# Judge Config

Oumi allows users to define their judge configurations through a `YAML` file, providing a flexible, human-readable, and easily customizable format for setting up LLM-based evaluations. By using `YAML`, users can effortlessly configure judge prompts, response formats, output types, and the underlying inference models. This approach not only streamlines the process of configuring evaluations but also ensures that configurations are easily versioned, shared, and reproduced across different environments and teams.

## Configuration Options

The configuration `YAML` file is loaded into the {py:class}`~oumi.core.configs.judge_config.JudgeConfig` class, and consists of `judge_params` ({py:class}`~oumi.core.configs.params.judge_params.JudgeParams`) and `inference_config` ({py:class}`~oumi.core.configs.inference_config.InferenceConfig`). The judge parameters define the evaluation criteria, prompts, and output format, while the inference configuration specifies the underlying judge model and generation parameters used for the judge's reasoning.

### Judge Parameters

#### Prompt Template
`prompt_template` *(required)*: This is a text prompt that defines the judge's behavior.

To be clear and effective, it should should include the following:
- Role Declaration: Clearly state that the model is acting as a judge and explain what it is evaluating.
- Inputs: List and explain the inputs the judge will receive (e.g., request, response, ground_truth).
- Evaluation Criteria: Specify the exact dimensions to judge.
- Data: Insert placeholders (e.g. `{request}`, `{response}`) for all the inputs listed above, so that they can be replaced at runtime with each example's actual inputs.
- Expected Output: Describe the expected output type. This must be consistent with the `judgment_type` below.

#### System Instruction
`system_instruction` *(optional)*: System message to guide the judge's behavior and evaluation criteria. It is a common practice to break down the judge prompt into two messages: A system instruction message (role: `system`), and a user prompt message (role: `user`). If we use a `system` role, then the `prompt_template` (described above) should only include information related to the particular example (i.e., the "Data"), while the `system_instruction` should include all the remaining fields that describe the judge's behavior, inputs, and output.
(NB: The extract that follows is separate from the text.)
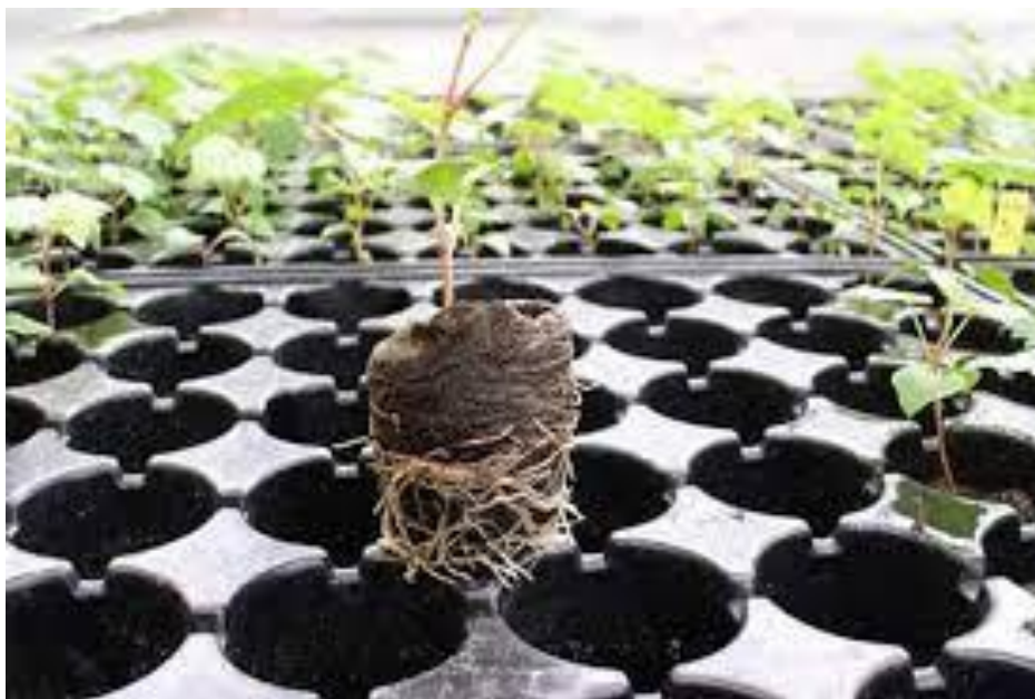
Slika 2. Presadnica

Za ranu proizvodnju na otvorenom sjetva sjemena za proizvodnju presadnica počinje u južnim toplijim područjima oko 10. siječnja, a za srednje ranu oko 15. veljače. U sjevernim područjima sjetva za ranu proizvodnju počinje oko 20. veljače, a za kasniju početkom ožujka pa sve do 10. travnja, što ovisi i o sorti koju sijemo. U zaštićenim prostorima se sve više koristi hidroponski uzgoj rajčice koji se pokazao kao isplativ tip proizvodnje. Proizvodnja rajčice se dijeli na proizvodnju presadnica rajčice, proizvodnju za svježju potrošnju te proizvodnju rajčice za preradu. U suvremenoj proizvodnji presadnice rajčice se uzgajaju kontejnerskim načinom. Sjetvu je najbolje obaviti u kontejnere (Slika 2.) s oko 450 sjetvenih mjesta, nakon sjetve kontejnere smjestiti u klijalnišne komore za naklijavanje u kojima se održava temperatura od 30 °C i potpuna zasićenost zraka vlagom. Nakon što sjeme proklije, kontejneri se iz klijalnišnih komora premještaju u grijane zaštićene prostore u kojima se održava ujednačena temperatura tijekom dana i tijekom noći 25-27 °C sve dok sjeme u potpunosti ne nikne (Parađiković, 2009.).

See example in the [next section](/user_guides/judge/judge_config.md#configuration-example).


#### Template Variables
`template_variables` *(optional)*: Dictionary of variables to replace in `prompt_template` and `system_instruction`, before processing input data. In addition to the placeholders that will be replaced by each example, the user can also leverage this dict to define additional placeholders that will be statically replaced when loading the YAML file. This is useful for defining versatile judges that can be re-used with slight variations. For example, our {gh}`format compliance <configs/projects/judges/generic/format_compliance.yaml>` judge can be used to validate JSON, XML, HTML, etc outputs, just by updating the `response_format` template variable.

#### Response Format
`response_format`: How the judge should structure its output.

Options:
- `XML`: Structured XML with tagged fields (e.g., `<judgment>Yes</judgment>`)
- `JSON`: JSON object with named fields (e.g., `{"judgment": "Yes"}`)
- `RAW`: Plain text response

#### Judgment Types
`judgment_type`: The expected type of the judge's primary output.

Options:
- `BOOL`: Boolean judgments (True/False, Yes/No)
- `INT`: Integer scores (e.g., 1-5 ratings)
- `FLOAT`: Floating-point values (e.g., 0.0-1.0 scores)
- `TEXT`: Free-form textual judgments
- `ENUM`: Categorical selections from predefined options

#### Judgment Scores
`judgment_scores` *(optional)*: For `ENUM` types, these scores enable mapping from category names to numeric scores.
Example: `{"excellent": 1.0, "good": 0.7, "poor": 0.3}`

#### Explanation
`include_explanation` *(default: false)*: Whether to include explanations alongside judgments.

#### Few-Shot Examples
`examples` *(optional)*: List of example evaluations to guide the judge.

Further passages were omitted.